No hice ni haré fiesta de despedida, así que si no recibieron una invitación membretada no se preocupen. De hecho, mi agenda está bastante atiborrada de cosas que debo hacer para que al irme no reciba llamadas de viejos clientes diciendo "Elena, ¿te acuerdas aquella cuestión que te pedí?". Mi plan de pasar las últimas dos semanas relajada en Caracas, saliendo con amigos, disfrutando con mi hermano de largos maratones de películas, durmiendo hasta tarde, etc. no se cumplieron en nada. Voy a llegar podrida a Londres, lo sé. Diariamente me acuesto tardísimo por diseñar o rediseñar algunas cosas, mientras depuro la lista. Ahora tan solo falta el video del crucero -sí, al que fui en septiembre- para dejar eso listo ya que allá no podré editar hasta luego de un buen tiempo.

En fin.

No me he despedido de todas las personas que me gustaría despedirme, aunque siempre las ando viendo en Facebook, Twitter, Instagram... de hecho, casi nunca las veo en persona, así que ninguno notará la diferencia. Ahora, lo fino de ir a tomarse un café de despedida es ponerse al tanto de todo lo que está sucediendo fuera del Internet con esa persona y darle un abrazo al final.
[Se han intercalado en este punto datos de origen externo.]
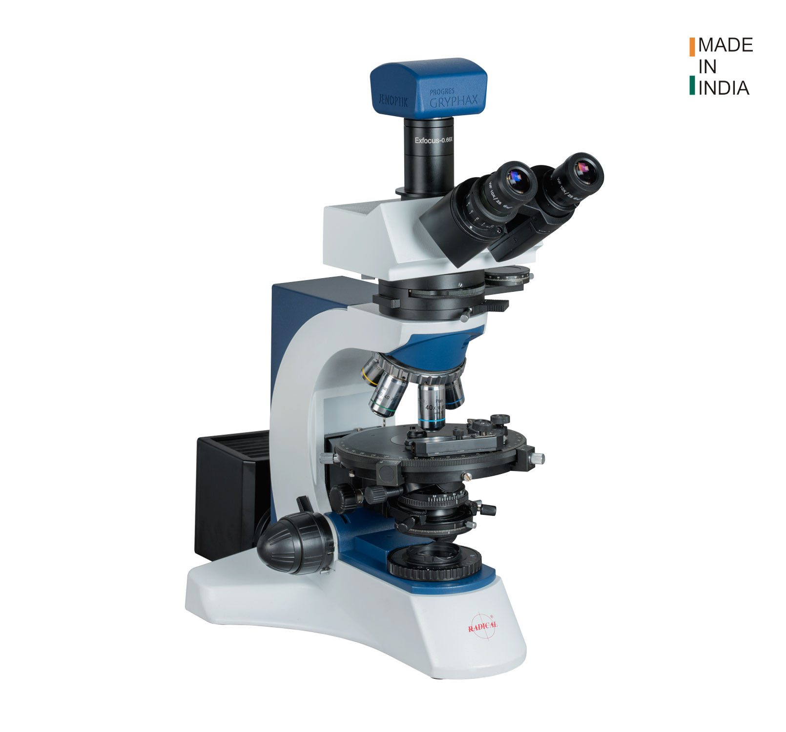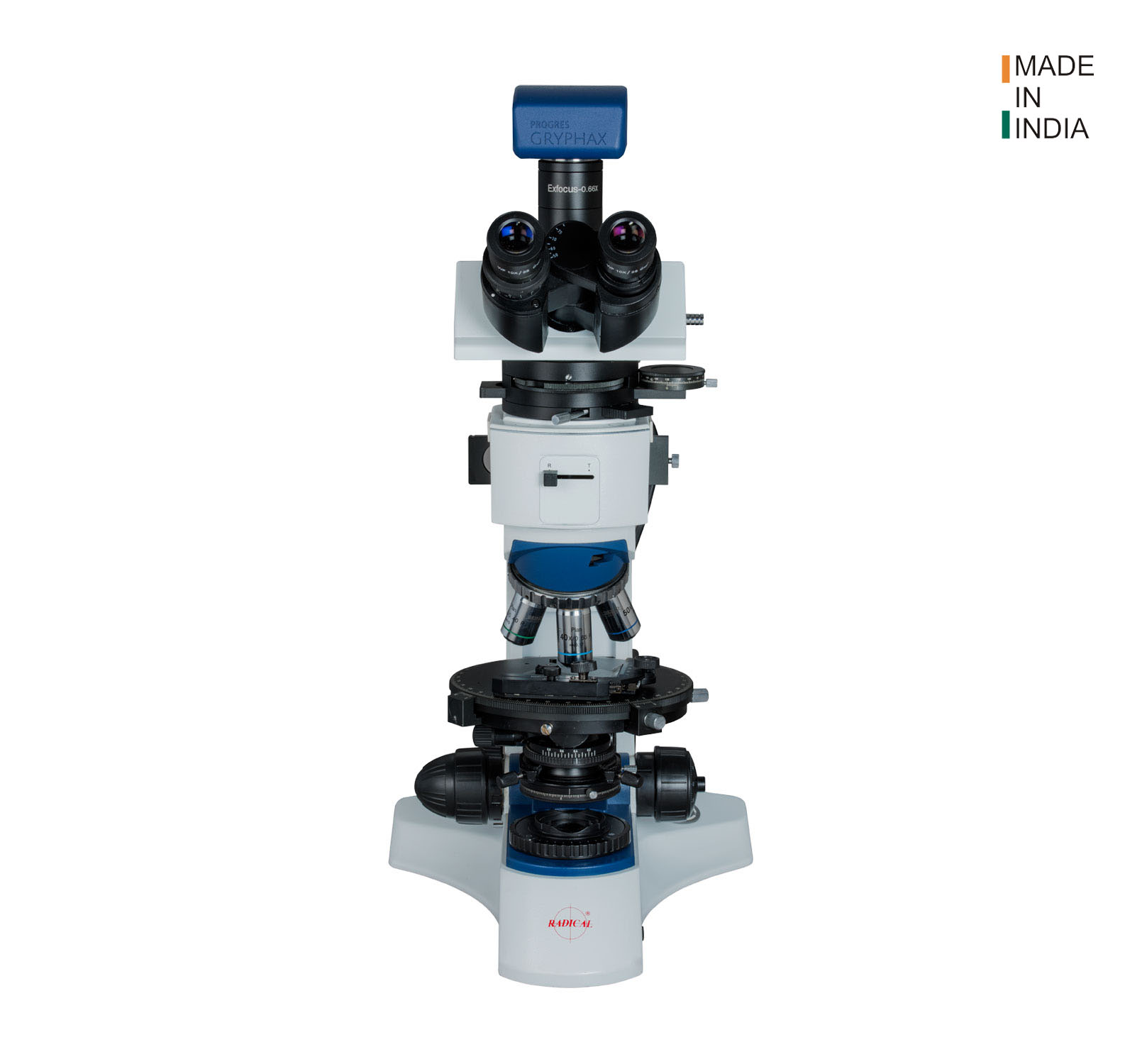 | Body | RXR5PMB | Rugged, single die cast, ergonomic design, touch point treated, acid resistant texture painted, intensity controller, on/off switch, rubber feet, Kohler illumination with aperture and field diaphragm, alongwith respective lens, heat protection filter, slot for different compensator with dovetail for interchangeable stages, blue filter (45mm) for white light (4500K), built in handle & cord wrap. |
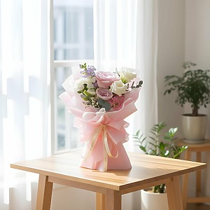 The pink roses, with their soft and soothing color, symbolize love, compassion, and the determination to overcome adversity. This mini bouquet serves as a poignant gesture of solidarity and encouragement for individuals and their families who are navigating the challenges of breast cancer.
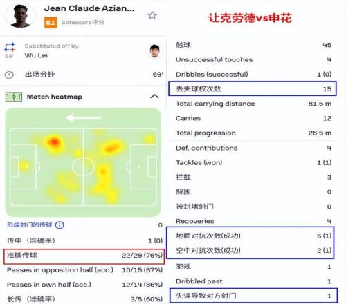 讓克勞德的傳球成功率是76%,看上去似乎還沒那么糟糕,問題是他的很多球,哪怕隊(duì)友接住了,也完全沒可能繼續(xù)向前進(jìn)攻,為了把球停住,甚至需要花費(fèi)極大的力氣和時(shí)間,導(dǎo)致進(jìn)攻停滯。
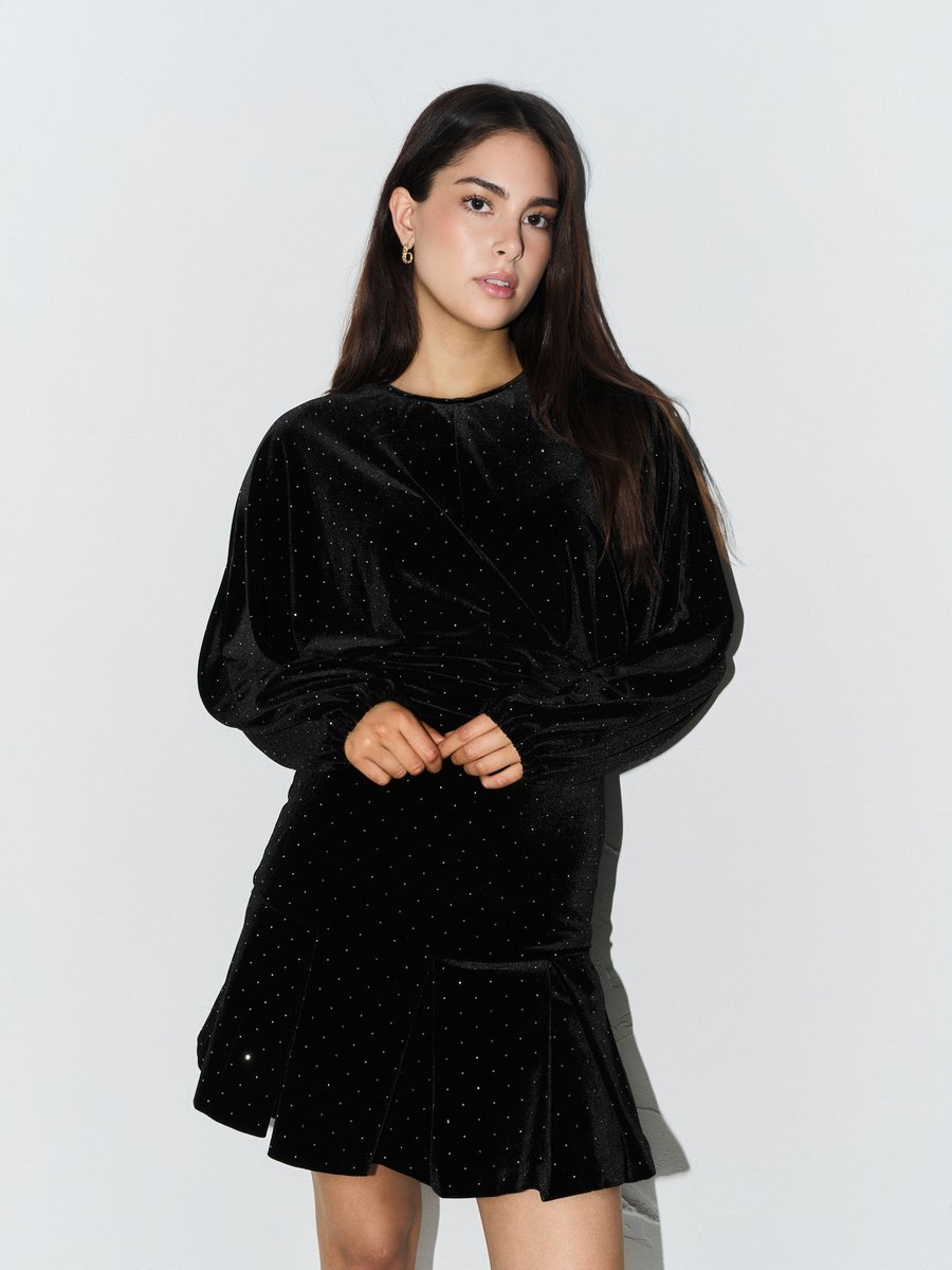 Kjolen har en klassisk rund hals, lange puffede ermer og en stivet, plissert panel nederst som gir bevegelse og struktur til silhuetten. Med glidelås bak i ryggen er den enkel å ta av og på. Dette er en perfekt kjole for sesongens fester, middagsselskaper eller når du vil føle deg ekstra fin – en leken blanding av eleganse og attitude.
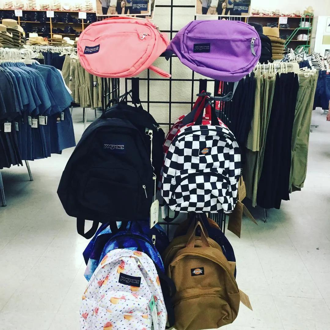 The dedicated footwear section is a testament to durability, with walls lined with heavy-duty boots from industry leaders like Redwing. Each pair is selected for its ability to withstand demanding work environments and provide lasting comfort. Nearby, you’ll find accessories for daily life and school, including classic backpacks and bags from brands like JanSport and Dickies, ready to be customized with on-site embroidery.

La gente que me conoce y hasta ahora sigue hablándome, sabe que soy complicada como amiga en cuestiones de "marica, vamos a salir". Soy de las que dice "no puedo, marica, estoy full" y he sido así desde siempre, con o sin Gabriel -para todas las disclaimer en ese tema-. Ser así me ha dejado un grupo reducido de amigas casuales y bueno, de ellas me despido en cuestión de planes inmediatos al estilo "vamos a salir",  aunque definitivamente seguiré ahí o aquí.
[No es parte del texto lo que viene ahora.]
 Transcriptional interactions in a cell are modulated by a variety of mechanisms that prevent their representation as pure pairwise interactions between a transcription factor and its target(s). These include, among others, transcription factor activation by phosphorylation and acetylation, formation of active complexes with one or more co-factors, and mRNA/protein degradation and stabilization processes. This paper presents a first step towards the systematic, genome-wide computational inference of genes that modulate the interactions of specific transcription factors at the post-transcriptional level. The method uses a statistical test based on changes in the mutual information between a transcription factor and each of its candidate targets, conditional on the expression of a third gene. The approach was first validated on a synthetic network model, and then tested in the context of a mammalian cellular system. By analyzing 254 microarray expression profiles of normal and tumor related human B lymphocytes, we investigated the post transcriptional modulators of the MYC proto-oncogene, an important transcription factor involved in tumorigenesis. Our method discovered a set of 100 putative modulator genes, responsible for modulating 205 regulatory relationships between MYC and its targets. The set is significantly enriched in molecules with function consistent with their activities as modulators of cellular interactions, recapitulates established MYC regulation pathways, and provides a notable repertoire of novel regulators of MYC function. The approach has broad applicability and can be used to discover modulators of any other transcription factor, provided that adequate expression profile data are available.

La peor despedida de todas, y esta sí que me va a doler, es la de mi hermano, joder. Sin que la cosa suene incestuosa, mi hermano y yo a veces discutíamos como un par de esposos españoletos de esos estereotipados  Pero es que he vivido con mi hermano -en el mismo cuarto- desde hace 18 años. Lo que extrañaré son esas conversas antes de dormir que podían ser desde las preguntas más aleatorias: (2007) "Elena, qué es biohazzard", "bueno, bio es de biológico y hazzard de ahhh, ehhh, ahhh", "¿pero qué coño?"; hasta temas de "no sé qué voy a hacer con mi vida/carrera", discusiones de por qué la música sí o no condiciona la cultura o anécdotas cotidianas. Mi hermano es un hombre nostálgico, de humor ácido, que nació hace casi 19 años pero tiene un espíritu bastante troll y una mágica habilidad con los instrumentos y la música (por ejemplo hoy quiso aprender a tocar el serrucho -sin chinazo- y bueno, seguro que ya en una semana lo tiene dominado). No extrañaré las discusiones ni sus momentos de irritabilidad, tampoco sus comentarios hirirentes; asumo que él tampoco va a extrañar eso de mí.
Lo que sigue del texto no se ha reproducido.